The brain is what it is because of the structural and functional properties of interconnected neurons. The mammalian brain contains between 100 million and 100 billion neurons, depending on the species.
Theres a difference between machine learning and deep learning
Machine learning is a lot of complex math and coding that, at the end of day, serves a mechanical function the same way a flashlight, a car, or a television does. When something is capable of “machine learning”, it means it’s performing a function with the data given to it, and gets progressively better at that function. It’s like if you had a flashlight that turned on whenever you said “it’s dark”, so it would recognize different phrases containing the word “dark”.
Deep learning In practical terms, deep learning is just a subset of machine learning. Let’s go back to the flashlight example: it could be programmed to turn on when it recognizes the audible cue of someone saying the word “dark”. Eventually, it could pick up any phrase containing that word. Now if the flashlight had a deep learning model, it could maybe figure out that it should turn on with the cues “I can’t see” or “the light switch won’t work”. A deep learning model is able to learn through its own method of computing – its own “brain”, if you will.
Perceptron is a linear classifier (binary). Also, it is used in supervised learningBut how does it work?
The perceptron works on these simple steps
a. All the inputs x are multiplied with their weights w. Let’s call it k.
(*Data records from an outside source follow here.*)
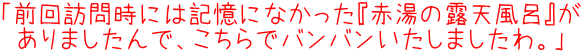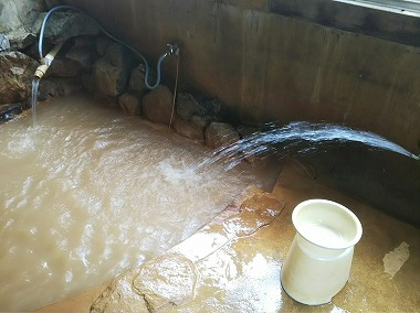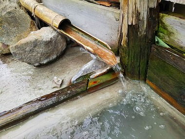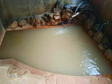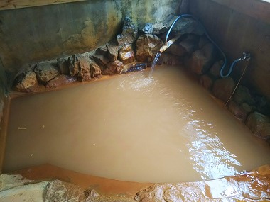こちらの湯は赤湯ではなく別源泉の硫黄泉ですが、マイルドでこなれた感じです。湯温もバリ適温、この時の車の車外温度計は20度だったので、そこそこ外気に冷やされていることもあるのでしょう。 |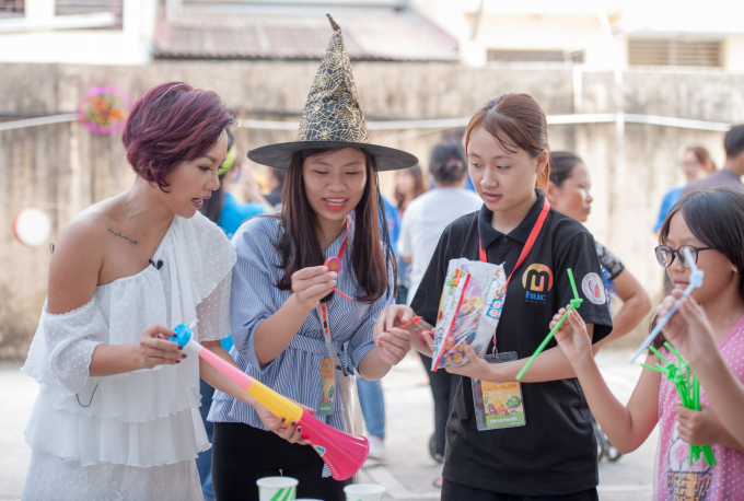Buổi sáng, hơn 1.900 bệnh nhi ở bệnh viện đều được nhận 2-3 món đồ chơi tự chọn, một cặp bánh trung thu, một đèn ông sao và một vỉ váng sữa Monte. Trải dài khắp khuôn viên trước cửa căng tin của bệnh viện là các khu bóng bay nghệ thuật, nặn tò he, chụp và in ảnh miễn phí, khu trò chơi mầm non, trò chơi vận động, khu đọc sách, tô tượng, làm gốm, làm đồ handmade, cắt tóc miễn phí...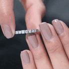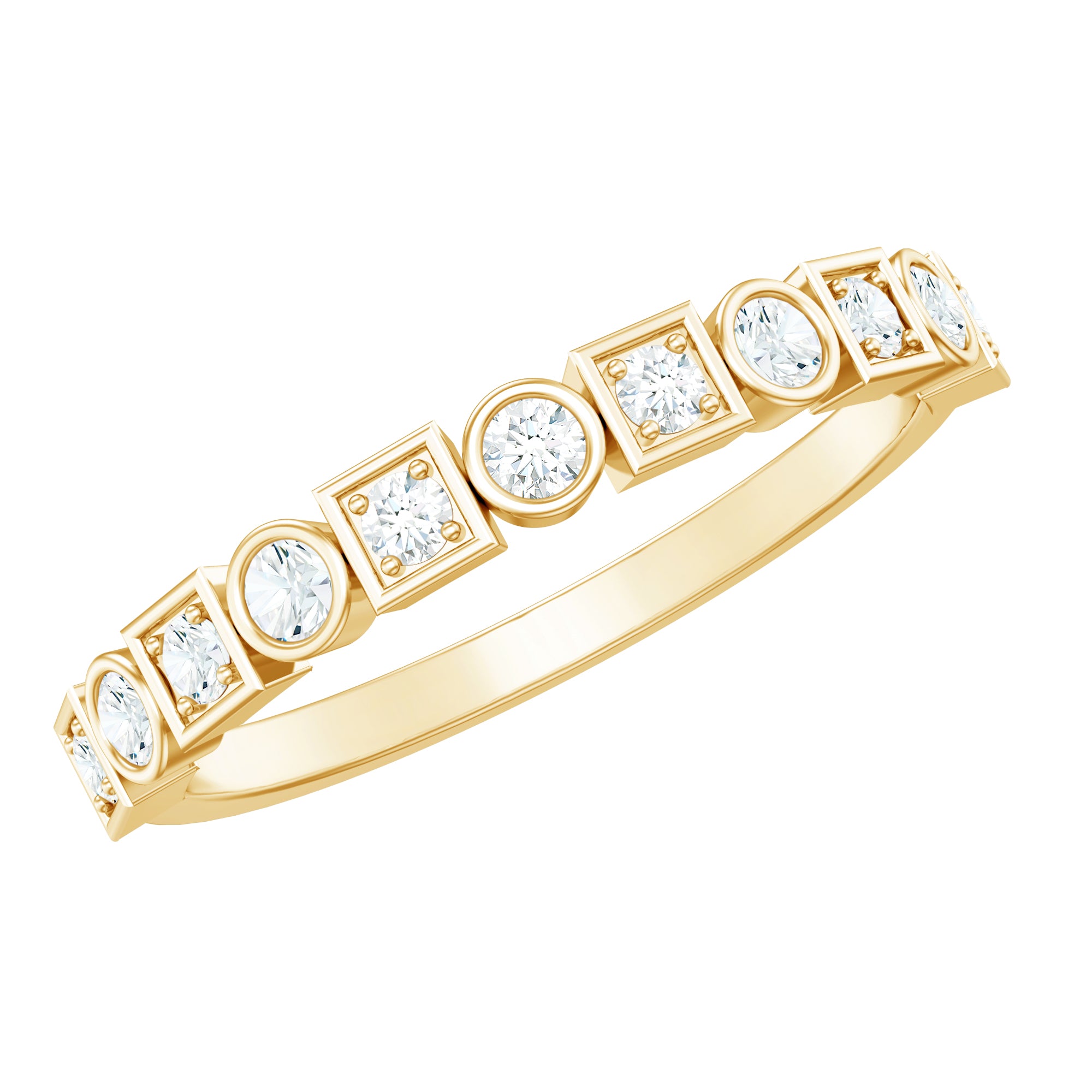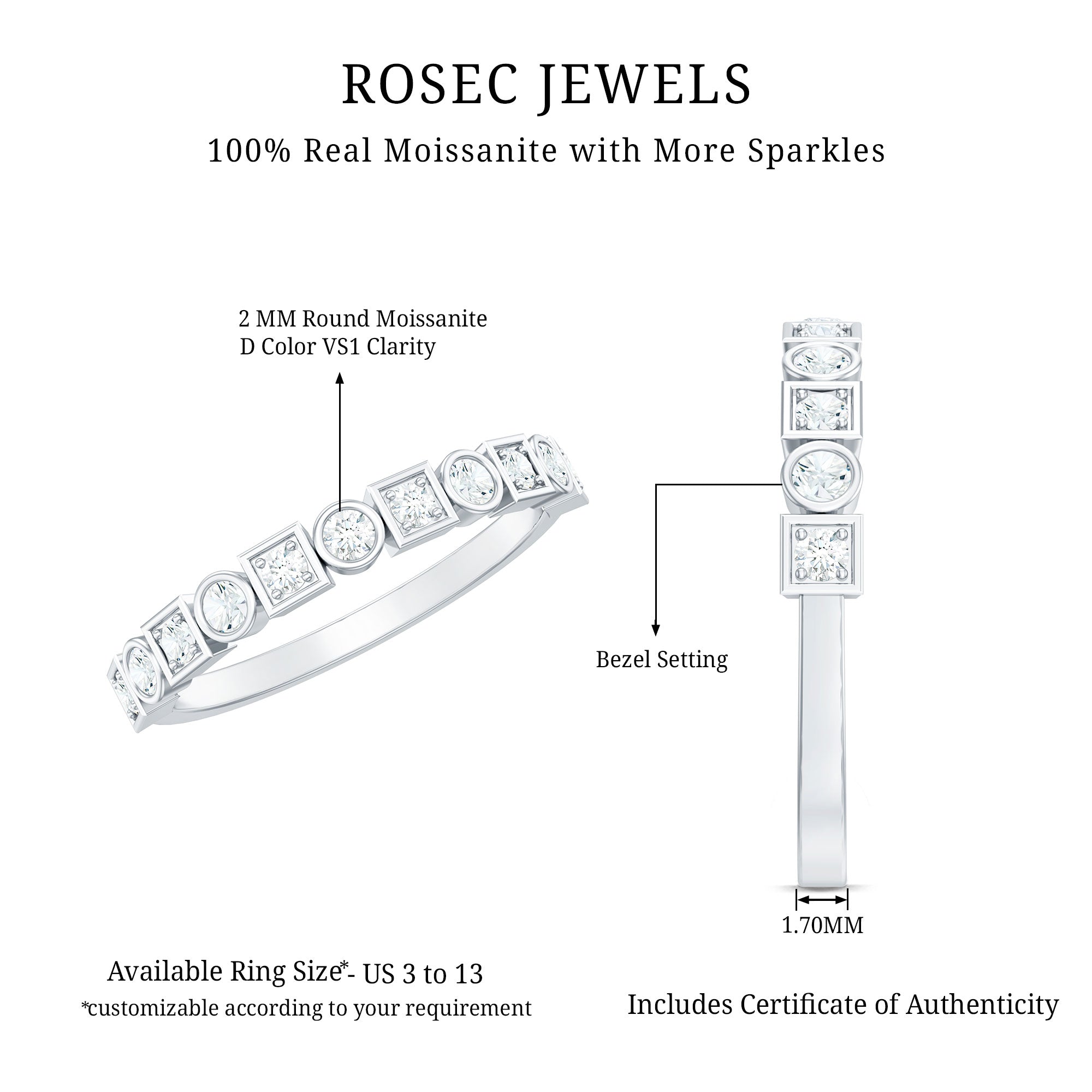 Bold symmetry meets timeless sparkle in this Moissanite Half Eternity Band, a stunning piece that redefines elegance with a modern edge. Designed for the contemporary bride or style-savvy woman, this Stackable Ring features an eye-catching pattern of alternating square and round geometric shapes, each housing a brilliant round cut moissanite that radiates fire and brilliance from every angle. The moissanite stones, known for their D color and VS1 clarity, are ethically sourced and offer a dazzling alternative to traditional diamonds. Each stone is securely nestled in its own geometric frame, creating a mesmerizing sequence of light and form that flows seamlessly across the Eternity Wedding Band. This Moissanite Wedding Band beautifully captures the idea of everlasting love while leaving room for comfort and flexibility. Its stackable style makes it a versatile addition to your jewelry collection, whether worn solo for a minimalist look, paired with an engagement ring, or stacked with other bands for a bold, layered statement. Crafted with attention to detail and designed for both visual impact and everyday wear, this Anniversary Ring is a celebration of individuality and enduring connection.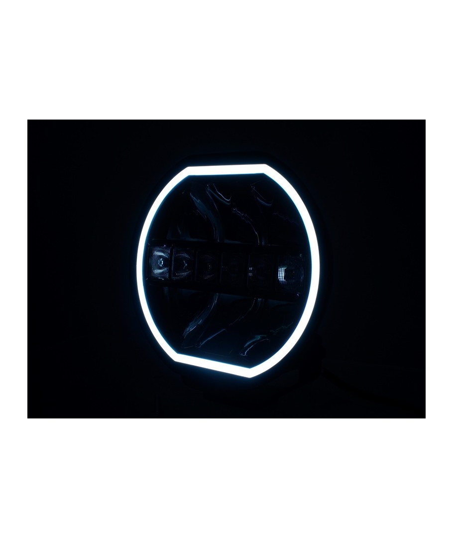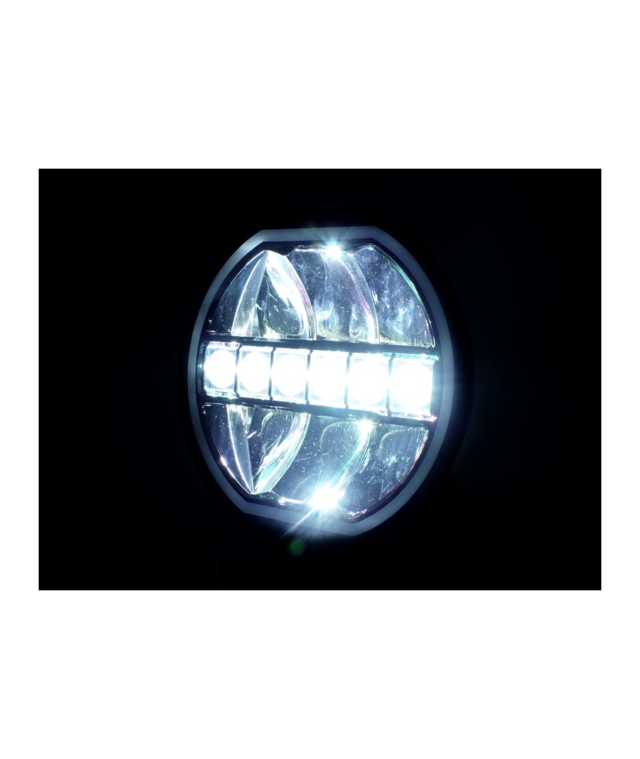 Prolumo HEXA er E-godkjent rundt LED fjernlys med dual/dobbel innebygd LED posisjonslys som lyser hele veien rundt kanten av lampen i en "neoneffekt".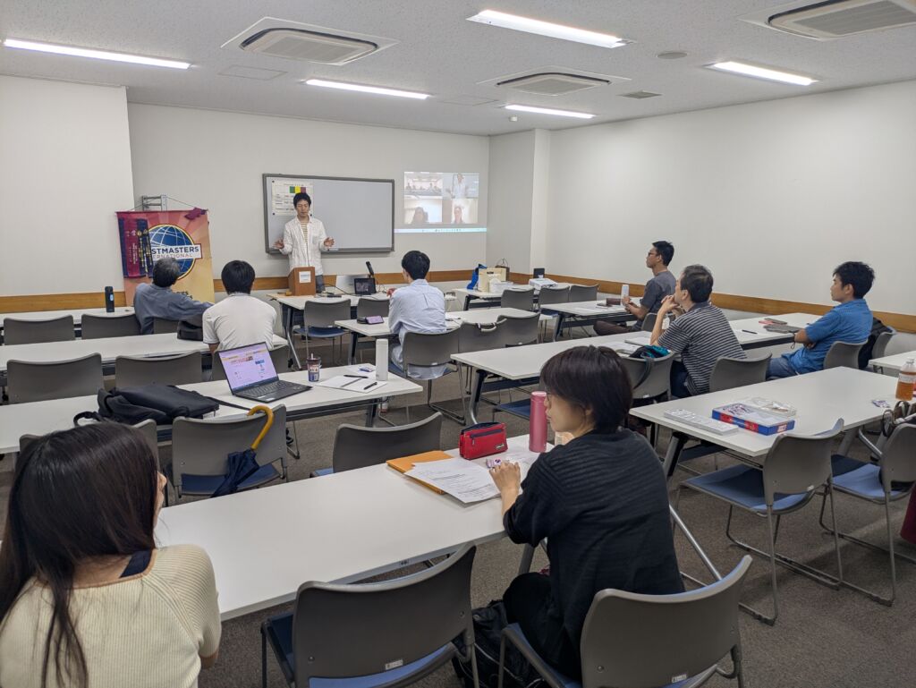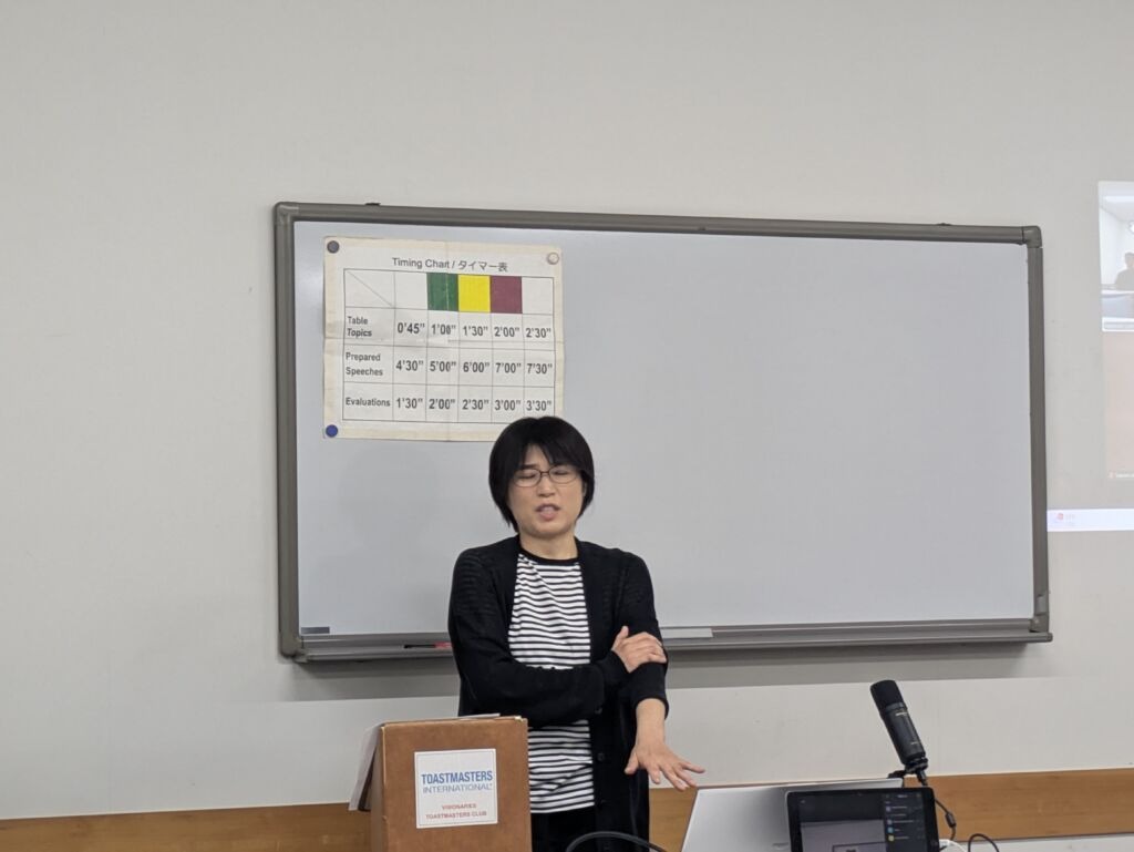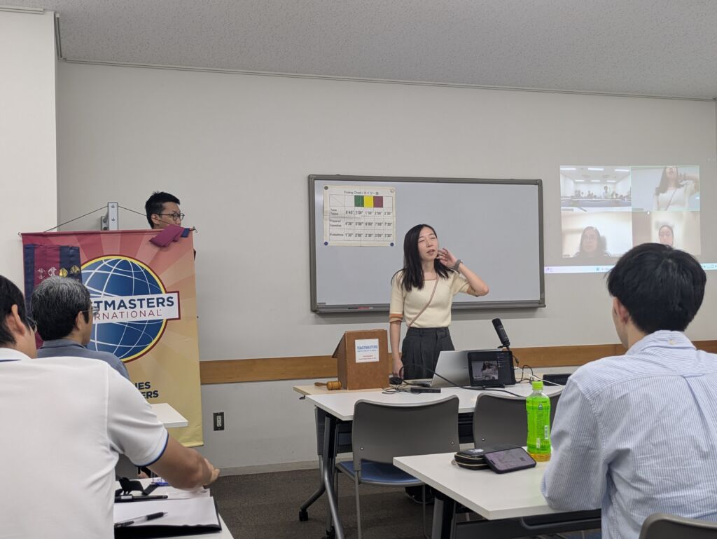 TM S. opened the meeting as Toastmaster of the Evening, welcoming our guest and setting a welcoming tone for the evening. Members shared fascinating recent experiences – TM S. recounted his family’s thrilling visit to Universal Studios Japan (securing tickets was quite the challenge!), while TM A. described her refreshing business trip to the Shonai area of Yamagata Prefecture, where the seaside atmosphere provided a peaceful escape. TM A. returned from a memorable six-week vacation to India attending her cousin’s wedding after 12 years, and TM M. celebrated the Yokohama DeNA BayStars clinching the Pacific League Championship. The energy in the room was palpable as TM T. shared his recent return from a business trip to the UK, including an inspiring visit to a London Toastmasters club with about 70 members!

b. Add all the multiplied values and call them Weighted Sum.
c. Apply that weighted sum to the correct Activation Function.
For Example : Unit Step Activation Function.
In a neural network architecure, there is an input layer, some hidden layers and an output Layer.
The weighted outputs from input layer is passed to the input of next layer, and so on, and we will get the predicted output in numerical form at the output layer.
Overfitting is when the trained model memorizes the undesirable patterns or noise from the training data-set. This is due to too much training or learning capacity(too many hidden layers or neurons in each layer). The consequence of overfitting is that, model cannot generalize to samples outside its training set, which overall reduces the performance of the model. To determine whether the model is overfitting, during the training, compare the loss value on the training and testing set. If the loss on the test set is much larger than in the training set, then the model is overfitting, specially if the training loss is low. However, it is also normal that the test loss is slightly larger than training loss.
Click here to read about Feature Engineering
Suppose, we are given a data “flight date time vs status”. Then, given the date-time data, we have to predict the status of the flight.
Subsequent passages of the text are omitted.